14. My concern is the bulge on his side. Lengthwise it goes from his side fin to almost his top fin and widthwise it goes from the bottom of him to just over his mid section, so just more than half his width. It developed a few weeks ago, out of nowhere. When I turned on the light right now and he was at the top I can see the light in it, like it's an air bubble so it's not a solid growth. It doesn't prevent him from going to the bottom and staying down there. But his demeanor is a bit stressed.

15. I don't test my water parameters, am I supposed to with this type of setup?

16. N/A

17. He's 2 years old and like all the other bettas he kind of just sat there due to the cramped confines of his cup but he did move around when we picked his cup up to get a good look at him.

Please help! I'm afraid if this bulge gets any bigger it's going to pop and that wouldn't be good.


----------



## beweeb

Betta baby i think you should add money too your list of requirements


----------



## Flashygrrl

*Re: betta with bulge in its side*



Irene said:


> Here are the answers to the questions:
> 1. I have a 1 gal. triangular-shaped tank bought at Petco that comes with an air stone and tube, light andno actual filter.
> 
> 2. I use tap water that I dechlorinate with Wardley Watercare Chlor Out
> and also a few drops of Stress Coat.
> 
> 3. This has been the setup ever since we've had this fish, 2 years. I have natural aquarium rocks, approx. bean sized.
> 
> 4. He is a single occupant, he ate 2 ghost shrimp and a cloud fish 2 years ago.
> 
> 5. He has a plastic plant, the real one turned to mush. The plastic one has been in the tank for a year.
> 
> 6. The temperature is room temp. When I change it I make sure, by touch, that it's not too warm and not too cold.
> 
> 7. No filter, just the air stone that came with the tank.
> 
> 8. What is a CO2 unit? I guess since I don't know the answer would be no.
> 
> 9. It receives natural sunlight light all day long, indirectly. It's not sitting directly in the sun.
> 
> 10. The last water change was done a 1 1/2 weeks ago.
> 
> 11. I change the water approx. once a month. The tank doesn't really get dirty. I noticed that the plant leaves have gunk on them after just cleaning them, which is odd, so I know somethings up.
> 
> 12. I feed my fish once a day in the evening, either Betta Bits or Blood worms, the blood worms not that often. This has been the only food I've ever used for my fish.
> 
> 13. The lighting is the light the came with the tank and I don't really keep it on because he starts to get all aggressive because he sees his reflection and starts to attack the glass.
> 
> 14. My concern is the bulge on his side. Lengthwise it goes from his side fin to almost his top fin and widthwise it goes from the bottom of him to just over his mid section, so just more than half his width.
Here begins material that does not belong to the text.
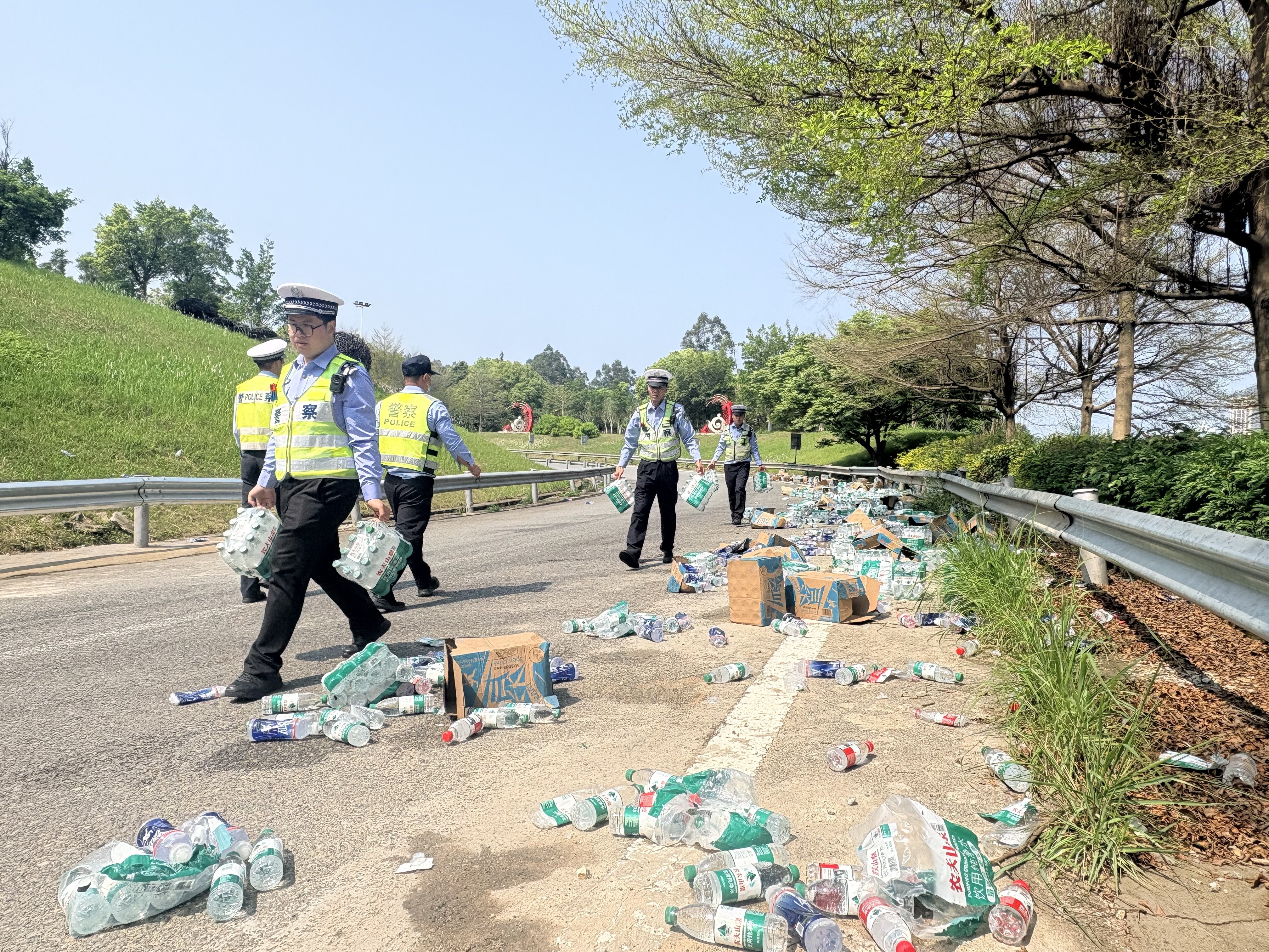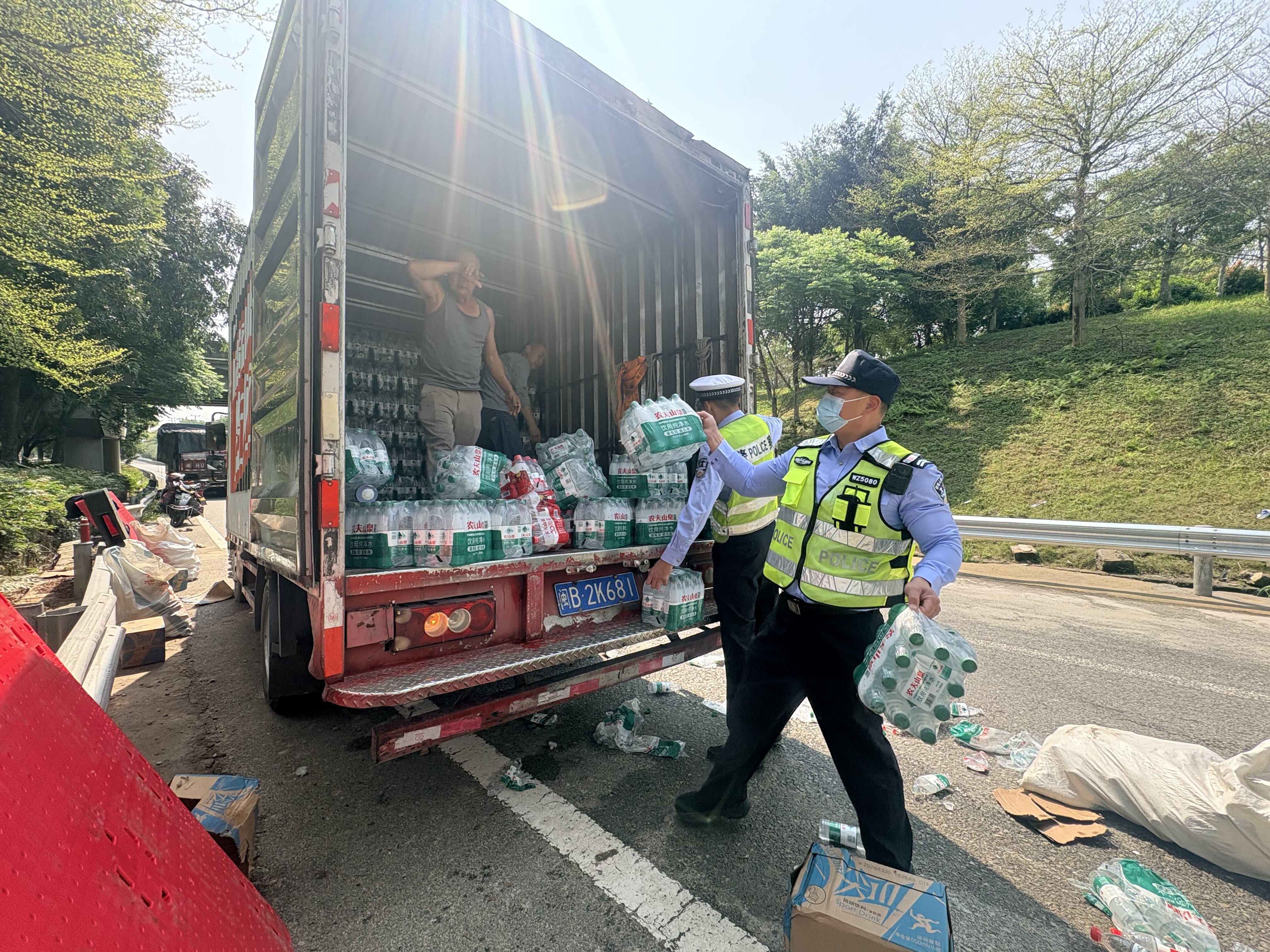 本报讯 4月9日上午6时14分许,在仙港大道发生货车货物侧翻事故,车上装载的矿泉水、尖叫等饮品大量散落路面,影响通行的同时还存在安全隐患。当日10时许,仙游县公安局交管大队城关中队正在开展交通违法查纠,发现对向车道的货车情况,立即停止查纠前去帮忙。一面指挥疏导车辆有序通行,防止发生交通事故,一面全力帮助货车司机一起清理散落的货物,并协助司机把货物重新装载到车上。经过一个多小时的奋战,在城关交管中队9位民辅警的帮助下,终于将散落的货物全部搬回上车。
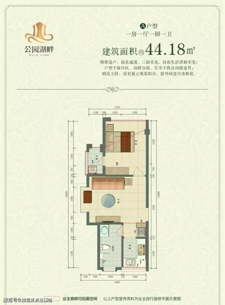 在售户型:44平米舒适一房一厅一卫

It developed a few weeks ago, out of nowhere. When I turned on the light right now and he was at the top I can see the light in it, like it's an air bubble so it's not a solid growth. It doesn't prevent him from going to the bottom and staying down there. But his demeanor is a bit stressed.
> 
> 15. I don't test my water parameters, am I supposed to with this type of setup?
> 
> 16. N/A
> 
> 17. He's 2 years old and like all the other bettas he kind of just sat there due to the cramped confines of his cup but he did move around when we picked his cup up to get a good look at him.
> 
> Please help! I'm afraid if this bulge gets any bigger it's going to pop and that wouldn't be good.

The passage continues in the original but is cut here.